The new year marks the start of California’s transition of residential electricity customers to time varying electricity prices. Throughout 2019 and 2020, California’s three investor-owned utilities (IOUs) will default residential customers to time-of-use (TOU) rates. TOU rates vary the cents/kilowatt-hour cost of electricity dependent on electricity demand, with higher hourly rates during peak early evening times and on weekends. California commercial, industrial, and agricultural customers are on TOU rates, and approximately half of all US IOUs offer residential customers an optional TOU rate today. In 2016, Guidehouse Insights projected that over 113 million North American customers would enroll in some time varying electricity pricing by 2025.
TOU pricing schemes are designed to provide customers with an additional way to save by shifting usage to different times of the day—not just reduce usage like under most existing flat rates. As with current rates, price risk is shifted onto the customer, who is incentivized to reduce electricity during peak demand times. TOU rates suggest rational customers will achieve a decrease in utility bills by responding to these peak price signals. However, it appears utility customers might not act rationally, at least as defined in classical economics texts.

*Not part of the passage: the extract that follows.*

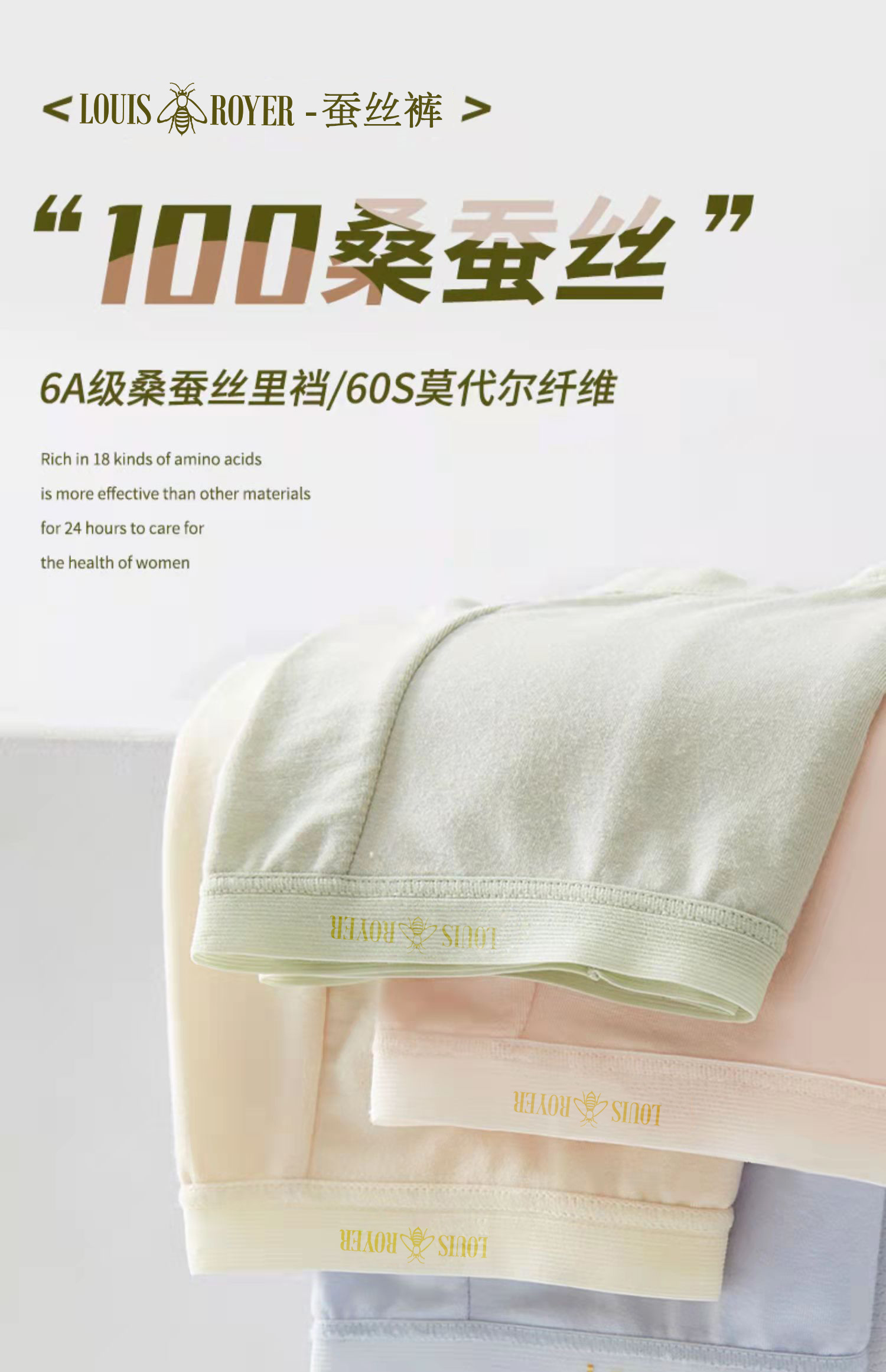 产品名称:法国利蜂新品桑蚕丝莫代尔内裤

A recent Ohio State University (OSU) study found that utility customers might let overly simplified perceptions of TOU rates, rather than their savings realities, guide home energy management decisions. The study followed the energy consumption of over 8,700 residential customers of an unnamed southwestern utility during a 1-year pilot program and found that customers overestimated their savings from a variety of TOU programs offered.
Without closely examining bills, customers might not achieve an accurate understanding of the exact financial effect of shifting their energy-intensive activities to off-peak times of day. A deeper understanding of actual TOU rate-savings may make such plans less attractive than marketing might lead a typical residential customer to believe. Utility Dive’s recent overview of the OSU study states that residential customers in the pilot programs saved only about 3% on their electricity bills. This reduction alone is perhaps too small to encourage customers’ continued participation in an optional TOU program. While Guidehouse has designed TOU rates that likely provide a better response to savings reward, this case shows what happens when there is a gap between customer perception and reality. In these situations, utility communication and savings feedback at regular intervals is key.

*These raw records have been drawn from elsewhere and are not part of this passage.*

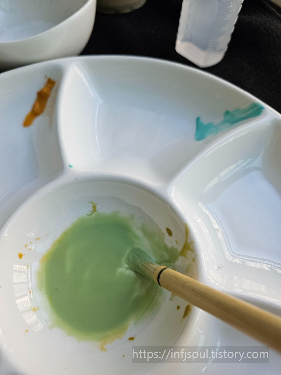 색을 섞은 후에는 바로 도안에 칠하지 말고,
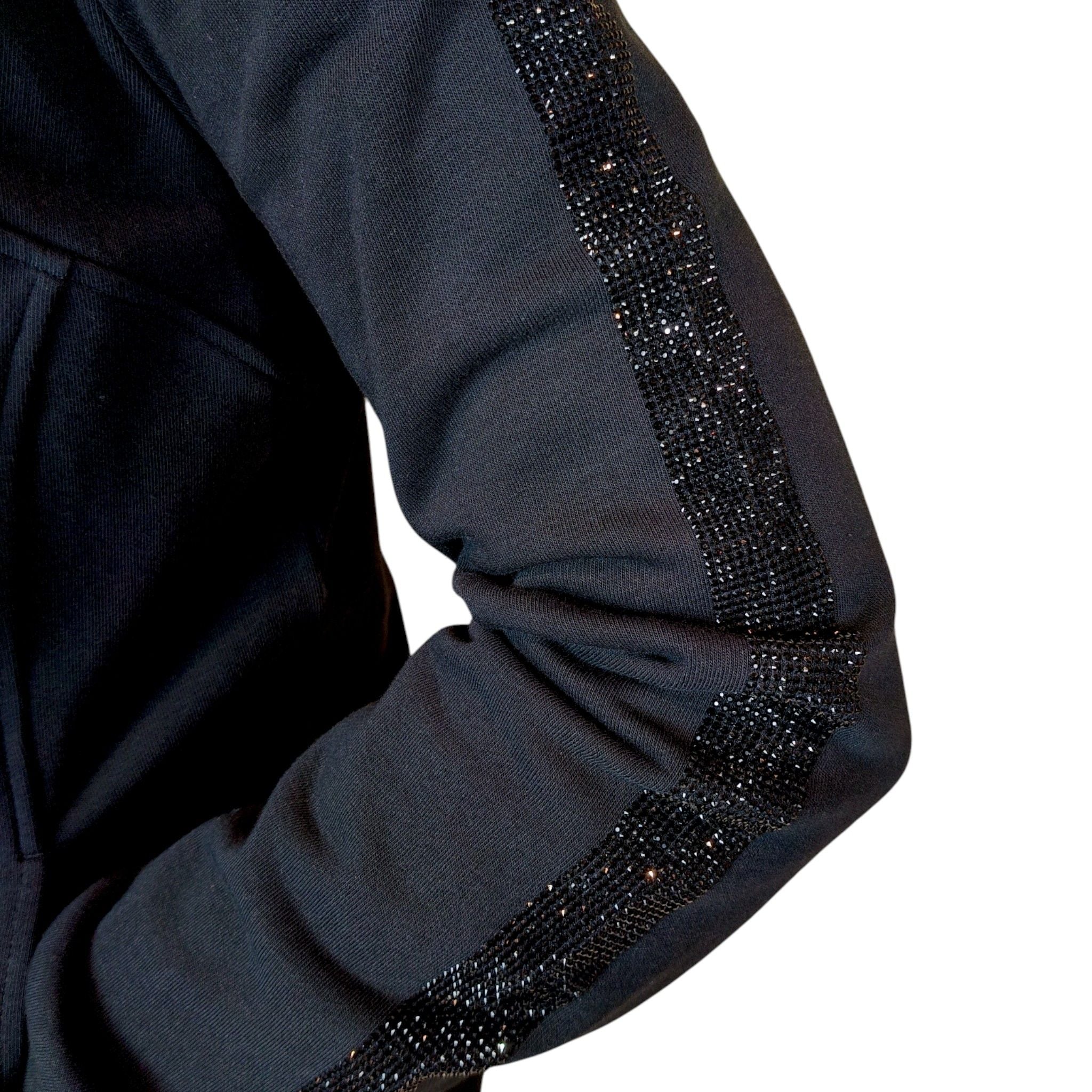 Gli strass sulle maniche aggiungono luminosità e femminilità.
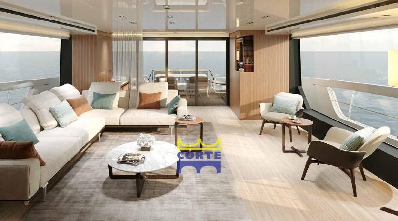 Alarme gaz, Alarme moteur, Alarme de pompe de cale, Douche de cockpit (flybridge), Hard top, Extincteur(s) fixe(s), Lavage de chaine, Spots sous-marins (n.°4 a led 7000 lumen (n° 2su spiaggetta di poppa e n°2 laterali)), Passerelle, Plateforme arrière, Porte latérale, Cockpit en teck, Prise de quai, Connexion eau sous pression à quai, Echelle de bain, Stabilisateurs (pinne stabilizzatrici elettriche Zero Speed all'ancora e in navigazione), table de cockpit.

Subscriptions: The New Normal
Though time varying pricing schemes will likely grow alongside distributed energy resources proliferation and grid modernization efforts, Guidehouse is exploring a perhaps more customer- and budget-friendly option: energy service subscription plans. Subscription services pervade all facets of modern life and generated a combined $2.6+ billion in sales in 2016.
Sample Energy Service Subscription Plans
(Source: Guidehouse, Inc.)
Utilities like Tucson Electric Power and retail suppliers such as clean energy Inspire are exploring or actively offering residential customers subscription electricity service. Subscriptions help customers to budget their monthly energy spending and shift risk back to the service provider. The price is known ahead of time and does not change from month to month, thereby eliminating misaligned expectations. Bundled into subscriptions, however, can be energy-saving tools that might otherwise be cost-prohibitive for subscription-loving demographics like millennials. With a variety of monthly plans offered, these companies can offer financed energy-saving and home comfort technologies like smart thermostats and wall plugs; technologies that simultaneously reduce providers’ risks. While the subscription model for electricity is more nascent than time varying pricing, the coming years will likely include a mix of both solutions. Guidehouse Insights looks forward to tracking the development of these solutions as the Energy Cloud 4.0 approaches.